1
votes

I have a set of multiple choice responses from a survey with 45 questions, and I've placed the correct responses as my first observation in the dataset.

In my DATA step I would like to set values to 0 or 1depending on whether the variable in each observation matches the same variable in the first observation, I want to replace the response letter (A-D) with the 0 or 1 in the dataset, how do I go about doing that comparison?

I'm not doing any grouping, so I believe I can access the first row using First.x, but I'm not sure how to compare that across each variable(answer1-answer45).

| Id  | answer1 | answer2 | ...through answer 45
|:-------------|---------:|
| KEY |      A |        B |    
| 2   |      A |        C |
| 3   |      C |        D |   
| 4   |      A |        B |    
| 5   |      D |        C |  
| 6   |      B |        B |

Should become:

| Id  | answer1 | answer2 | ...through answer 45
|:-------------|---------:|
| KEY |      A |        B |    
| 2   |      1 |        0 |
| 3   |      0 |        0 |   
| 4   |      1 |        1 |    
| 5   |      0 |        0 |  
| 6   |      0 |        1 |

Current code for reading in the data:

DATA TEST(drop=name fill answer0);
   INFILE SCORES DSD firstobs=2;
   length id $4;
   length answer1-answer150 $1;
   INPUT name $ fill id $ (answer0-answer150) ($);
RUN;

Thanks in advance!

2

2 Answers

2
votes

Here's how I might do it.
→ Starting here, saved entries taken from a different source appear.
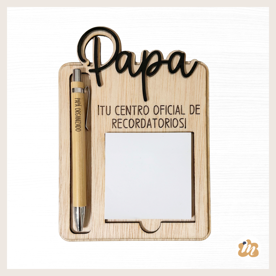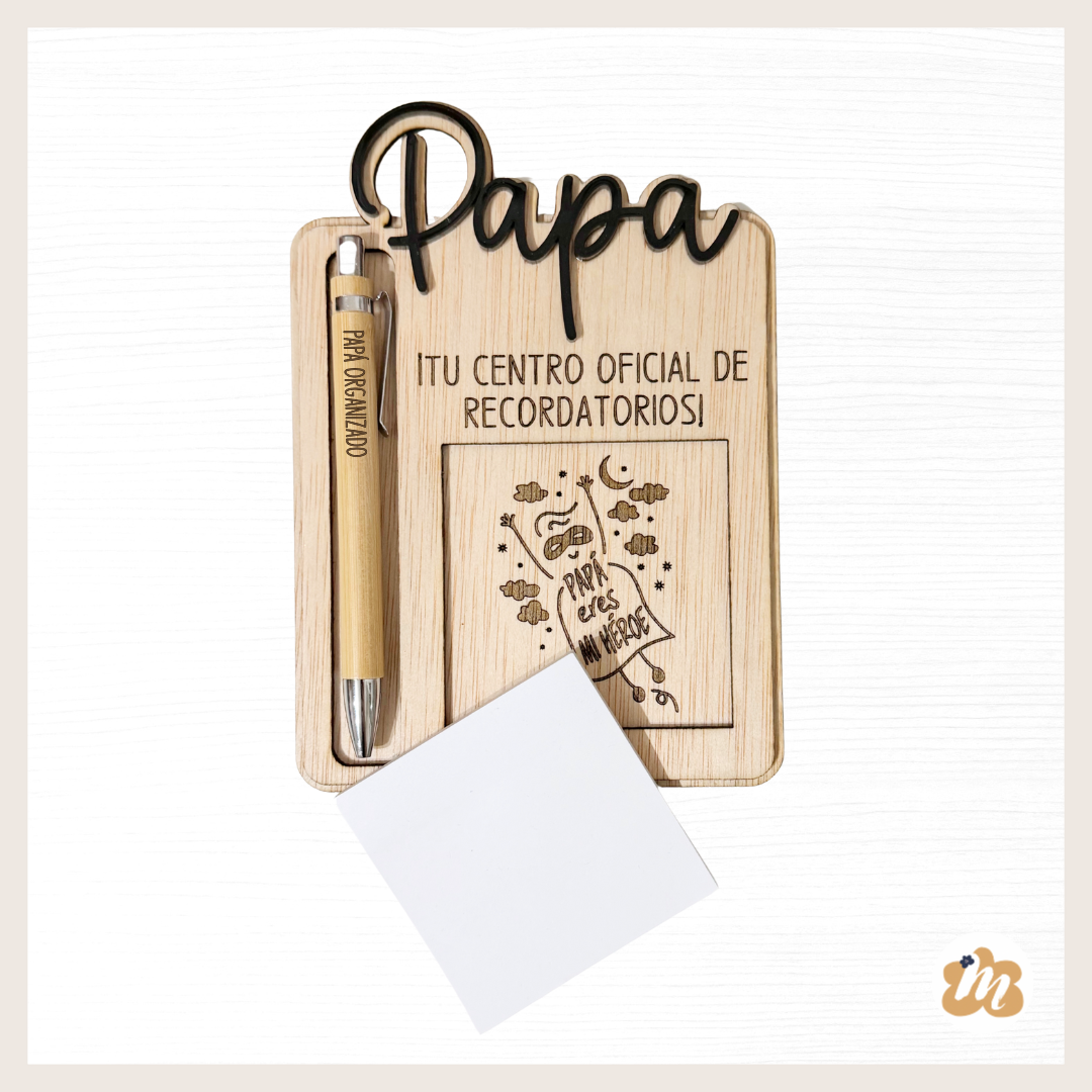 Este organizador de madera personalizado para papá combina bloc de notas y bolígrafo en un diseño práctico y decorativo. Perfecto para tener siempre a mano recordatorios, tareas o pequeños mensajes importantes.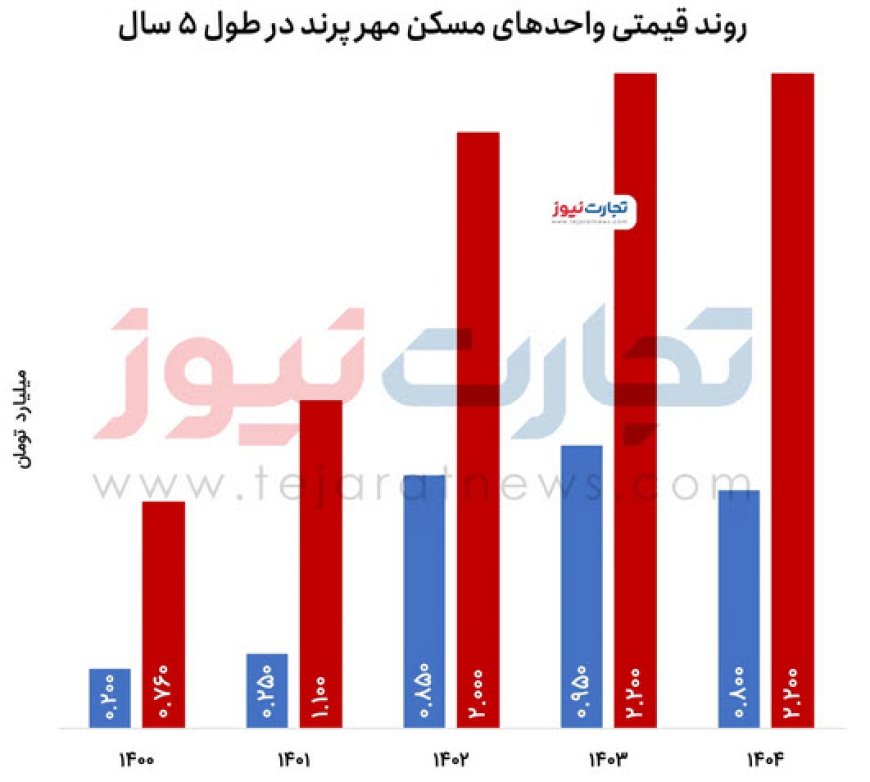 مسیر پرنوسان قیمت مسکن مهر پرند در ۵ سال گذشته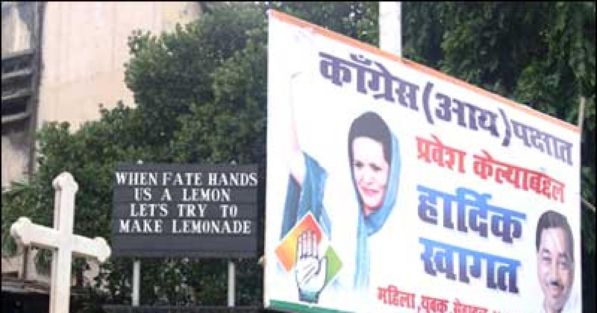 (A banner near St Michael's Church welcomes Rane into the Congress party.)

Create a data set to PROC COMPARE the KEY to the observed. Then you have X for not matching key and missing for matched. You can then use PROC TRANSREG to score the 'X.' to 01. PROC TRANSREG also creates macro variables which contain the names of the new variables and the number.

From log NOTE: _TRGINDN=2 _TRGIND=answer1D answer2D

data questions;
   input id:$3. (answer1-answer2)(:$1.);
   cards;
 KEY A  B 
 2   A  C 
 3   C  D 
 4   A  B 
 5   D  C 
 6   B  B 
;;;;
   run;
data key;
   if _n_ eq 1 then set questions(obs=1);
   set questions(keep=id firstobs=2);
   run;
proc compare base=key compare=questions(firstobs=2) out=comp outdiff noprint;
   id id;
   run;
options validvarname=v7;
proc transreg design data=comp(drop=_type_ type=data);
   id id;
   model class(answer:) / noint;
   output out=scored(drop=intercept _:);
   run;
%put NOTE: &=_TRGINDN &=_TRGIND;

enter image description here

1
votes

I don't have my SAS license here at home, so I can't actually test this code. I'll give it me best shot, though ...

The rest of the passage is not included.